The F1-Scores of the models rank in the following order: base DistilBERT, fine-tuned DistilBERT, RF. Overall, RF was better in almost every metric, but the fine-tuned model was a close second.


# Time Complexity
---
### Random Forest vs. Base DistilBERT

The base distilbert model took roughly the same amount of time to get running as the random forest classifier, but produced very bad results. This means there is no advantage to using the llm without fine-tuning.

### Random Forest vs.
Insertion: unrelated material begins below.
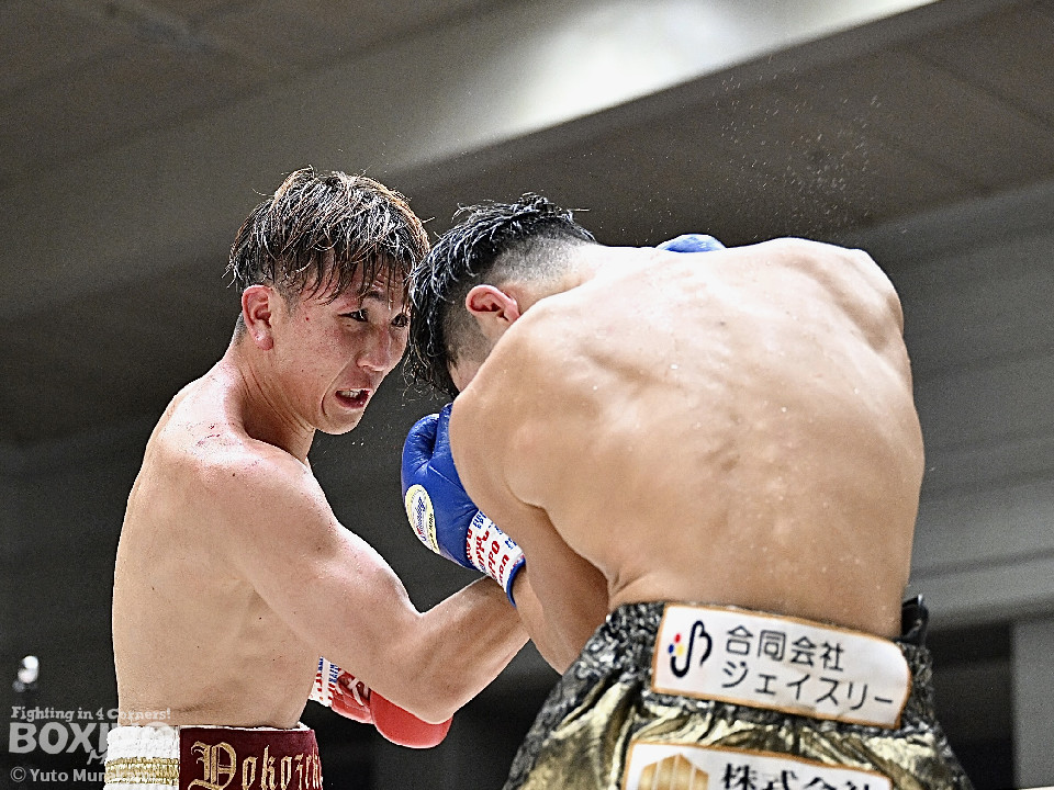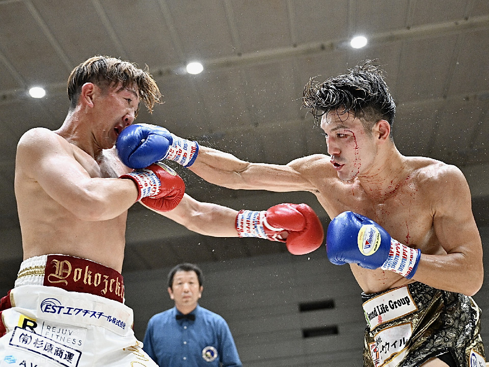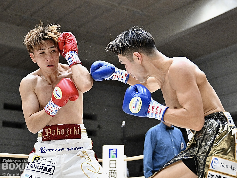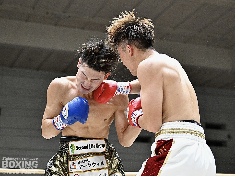 試合:浜田がジャブを飛ばしながら左ショートフックで先制攻撃。アグレッシブな姿勢を見せて上々のスタートを切った。2回、佐伯は上下に打ち分けるとプレスをかけて反撃。3回、激しいパンチの交換、浜田が左フックをねじ込めば佐伯もすぐさまワンツーを叩き込み譲らず。4回、偶然のバッティングで浜田は左目上をカット。浜田の右ストレートから返しの左フックの見栄えがいい。5回、佐伯はジリジリと距離を詰めてワンツーをヒット。パンチを交錯させる中、有効打で上回った。6回、佐伯は左フックで顔を弾き攻勢。頭がぶつかり浜田は右目上をカットした。7回も佐伯のラウンド。真正面から打ち合う中、打ち勝った。8回、浜田が距離を潰して左フックを叩きつければ、佐伯も負けじと応戦。火が出るような打ち合いで会場を盛り上げた。ジャッジ1者は佐伯につけたが残り2者は引き分けとした。

Fine-tuned DistilBERT

The random forest classifier (RF) performed better than the fine-tuned distilBERT model despite only taking roughly 2 minutes to train vs the 15+ minutes (4 hrs w/o gpu) of the fine-tuned distilBERT model.

One thing to note is that in the preprocessing stage, we remove all non-descriptive words. Removing these words from the input data inherently gives RF an advantage, because llm's are better at looking at the context of a sentence to determine their output.

It would be interesting to see the performance difference between a larger llm (or distilBERT with more training) and RF without the data preprocessing step that removes "unnecessary" words.